BearingPoint Inc.’s new CFO, Eileen Kamerick, has resigned after just three weeks on the job.
According to a regulatory filing by the management-and-technology consulting company, Kamerick stepped down on June 2 “based on her discussions with the audit committee of the company’s board of directors.” A company spokesperson would not provide any further information on her departure, and Kamerick could not be reached for comment. The filing states her decision wasn’t based on a disagreement with the company’s financial-statement disclosures, or accounting principles or practices.
In a press release announcing Kamerick’s appointment as CFO, BearingPoint CEO Ed Harbach said he was confident that her succession would move swiftly and that she was “very familiar with the service business model and what it takes to operate competitively on a global scale.”
This is not the first time a BearingPoint finance chief has quit after a short tenure. In May 2005, Joseph Corbett resigned as CFO after only four months. The company said it was a mutual agreement. At the time, BearingPoint was involved in an accounting controversy and the subject of a Securities and Exchange Commission investigation into its internal controls. That September the SEC upgraded the inquiry to formal status.

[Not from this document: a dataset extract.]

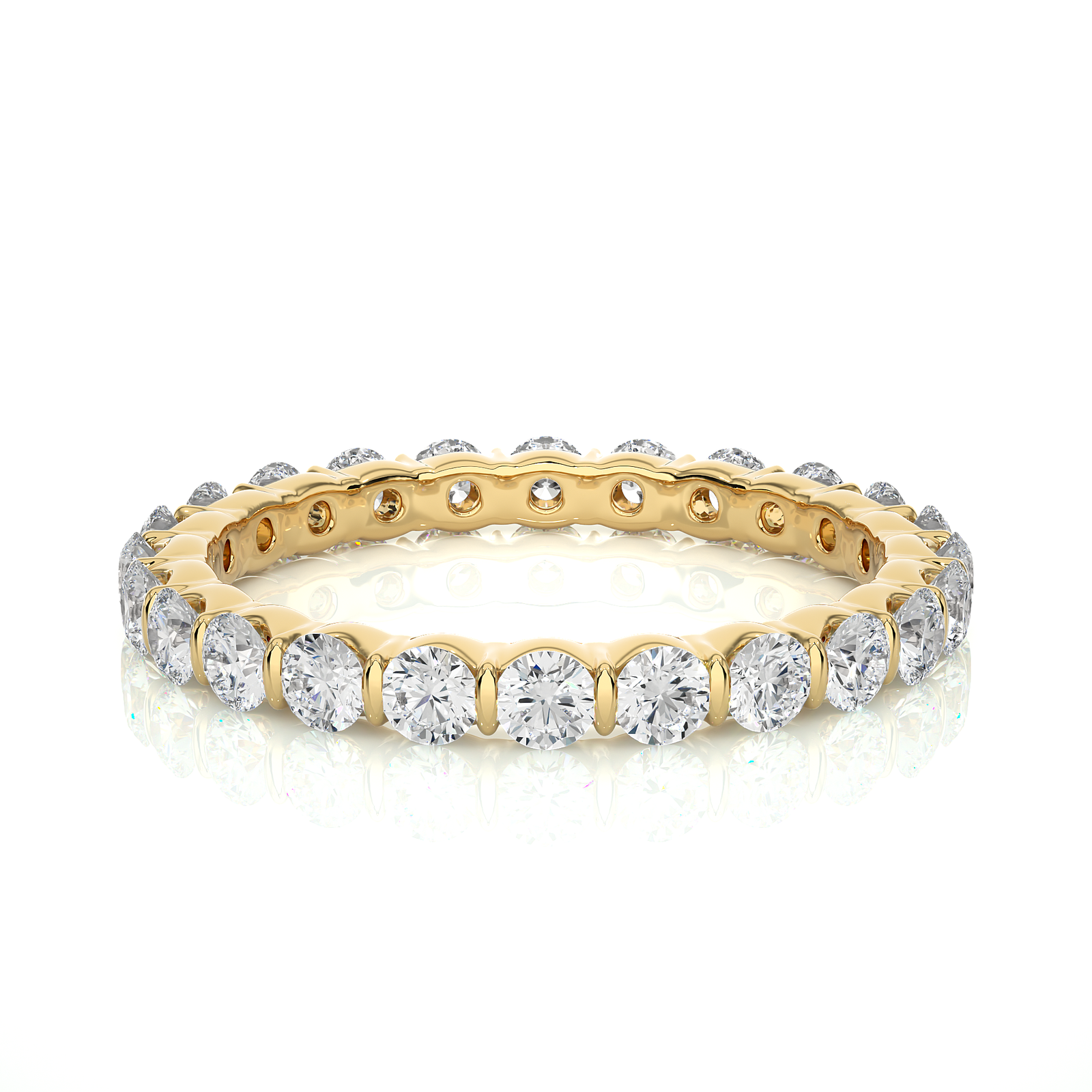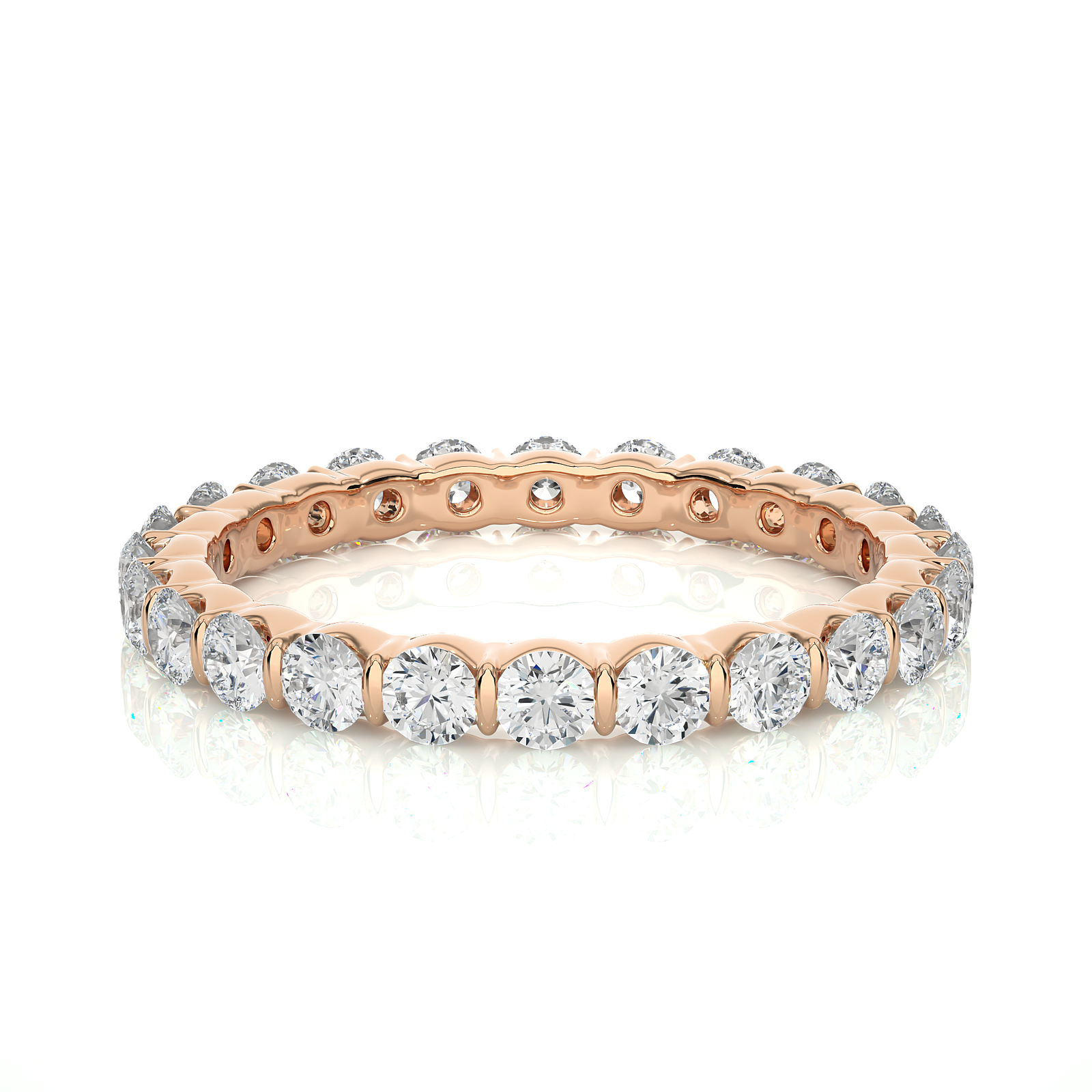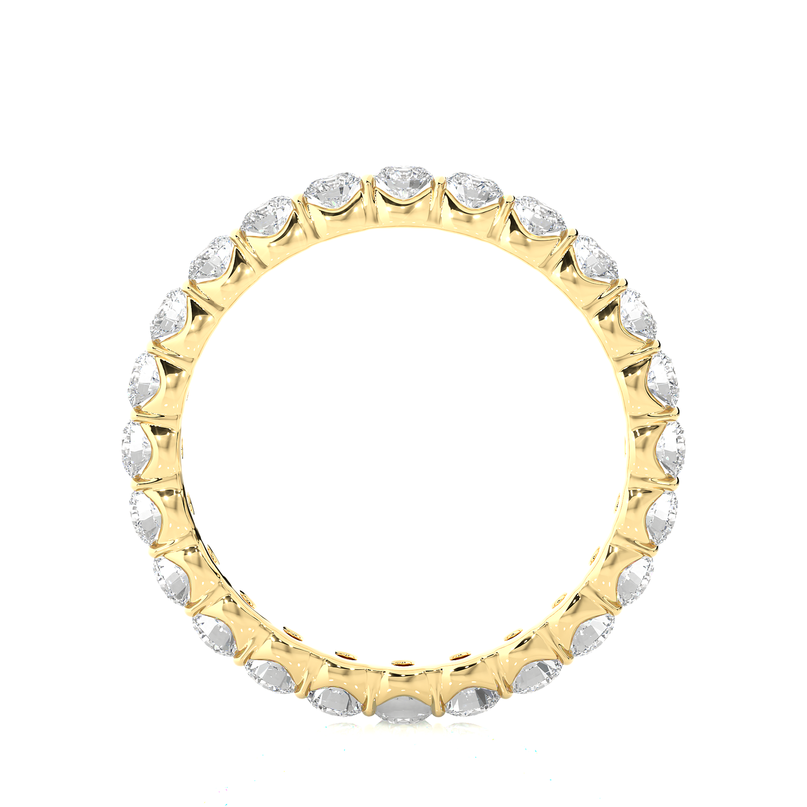 This stunning eternity ring showcases round brilliant diamonds in a shared prong setting for maximum sparkle. The elegant design allows light to flow freely through each stone, making it a captivating symbol of everlasting love. Perfect for weddings, anniversaries, or stacking with other rings.

Board member and former audit committee member Eddie Munson will replace Kamerick, who formerly was CFO and chief administrative officer for executive-search firm Heidrick & Struggles. Former CFO Judy Ethell, who Kamerick replaced on May 13, had agreed to stay with the company through July 31 and, according to the regulatory filing, is willing to stay longer to aid with the transition.
Munson has been a board member since October 2007 and was on the audit committee until this month. He is a retired KPMG partner and was on the accounting firm’s board of directors from 1996 to 2004. His most recent role there was as national partner responsible for KPMG’s college recruiting programs.